Students trace the journey of blood around the body, discovering the double circulation system and the role of each component.

Learning Objective
Students understand how the heart, blood vessels, and blood work together to transport substances around the body.

Resources needed

  • None — or a simple diagram drawn on paper or ground

Lesson stages

0 / 7 done
  1. 1 Ask: why does your heart beat faster when you exercise? What is it pumping and why?
  2. 2 Introduce the circulatory system: heart pumps blood through two loops — pulmonary (to lungs) and systemic (to body).
  3. 3 Describe what blood carries: oxygen and nutrients to cells; carbon dioxide and waste away from cells.
  4. 4 Introduce blood vessels: arteries carry blood from the heart under high pressure, veins return blood to the heart, capillaries allow exchange at tissues.
  5. 5 Describe blood components: red blood cells (oxygen), white blood cells (defence), platelets (clotting), plasma (liquid carrier).
  6. 6 Measure resting and post-exercise pulse — count beats per 15 seconds and multiply by 4.
  7. 7 Ask: what happens to pulse rate during exercise? Why?

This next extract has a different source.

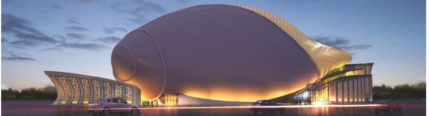
2400 Seater Auditorium, Kolkata (Perspective View)

Tap a step to mark it as done.

Variations

  • Graph heart rate data before, during, and after exercise — observe the recovery curve.
  • Discuss heart disease: how does diet, exercise, and smoking affect the circulatory system?
  • Compare human circulation to that of a fish — a single loop vs double loop.
More information

Teach: artery, vein, capillary, pulse, circulation, oxygenated, deoxygenated, plasma, platelet. The double circulation concept — two loops from the same heart — is the key conceptual challenge.

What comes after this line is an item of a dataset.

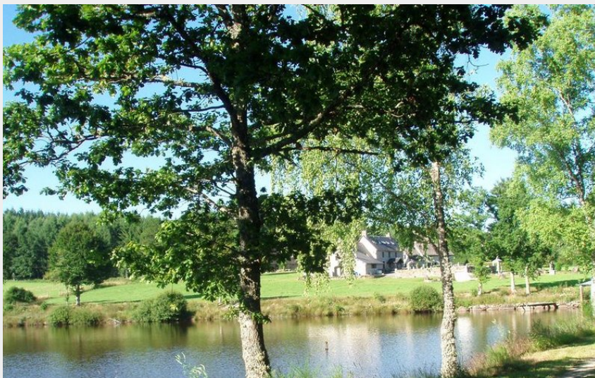
(G.Salat - CC HCC)

Focus on the single journey: heart to lungs to heart to body to heart. Add vessel types and blood components once this basic circuit is established.

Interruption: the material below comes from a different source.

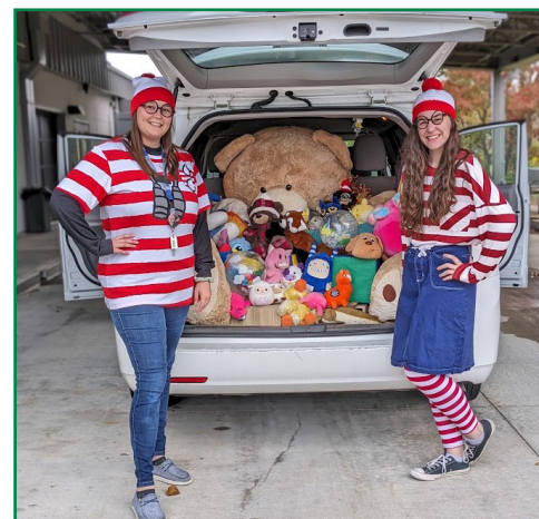
Scenic Regional Library participated in the Union Boo Bash.

Can students trace the path of a red blood cell from the heart to the lungs and back? Can they name the three blood vessel types and state the key difference between each?

No resources needed. Measuring pulse requires only two fingers and a count. Draw the circulation diagram in soil.

Students often think veins always carry deoxygenated blood. The pulmonary vein carries oxygenated blood from the lungs to the heart.

The circulatory system connects biology to health science, exercise physiology, and medicine.